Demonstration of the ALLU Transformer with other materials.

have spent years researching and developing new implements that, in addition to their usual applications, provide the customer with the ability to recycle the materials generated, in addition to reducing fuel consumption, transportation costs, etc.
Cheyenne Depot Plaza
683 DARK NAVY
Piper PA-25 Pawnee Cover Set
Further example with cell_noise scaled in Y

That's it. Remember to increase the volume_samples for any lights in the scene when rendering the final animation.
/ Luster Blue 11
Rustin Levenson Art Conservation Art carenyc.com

==

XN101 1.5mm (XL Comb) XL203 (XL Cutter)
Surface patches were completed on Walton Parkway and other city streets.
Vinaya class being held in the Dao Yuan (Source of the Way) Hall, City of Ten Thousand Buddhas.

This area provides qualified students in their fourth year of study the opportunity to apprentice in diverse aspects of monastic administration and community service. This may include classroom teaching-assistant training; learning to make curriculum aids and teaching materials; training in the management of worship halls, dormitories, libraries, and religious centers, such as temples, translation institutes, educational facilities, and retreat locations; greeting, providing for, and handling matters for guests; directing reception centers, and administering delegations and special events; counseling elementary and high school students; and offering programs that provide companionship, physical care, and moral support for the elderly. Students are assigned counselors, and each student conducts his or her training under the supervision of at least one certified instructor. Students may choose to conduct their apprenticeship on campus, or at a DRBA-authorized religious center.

→ **Exercise prompt**:
Working through the records above, copy each line in which "provide" is found.

→ **Written response**:
have spent years researching and developing new implements that, in addition to their usual applications, provide the customer with the ability to recycle the materials generated, in addition to reducing fuel consumption, transportation costs, etc.
This area provides qualified students in their fourth year of study the opportunity to apprentice in diverse aspects of monastic administration and community service. This may include classroom teaching-assistant training; learning to make curriculum aids and teaching materials; training in the management of worship halls, dormitories, libraries, and religious centers, such as temples, translation institutes, educational facilities, and retreat locations; greeting, providing for, and handling matters for guests; directing reception centers, and administering delegations and special events; counseling elementary and high school students; and offering programs that provide companionship, physical care, and moral support for the elderly. Students are assigned counselors, and each student conducts his or her training under the supervision of at least one certified instructor. Students may choose to conduct their apprenticeship on campus, or at a DRBA-authorized religious center.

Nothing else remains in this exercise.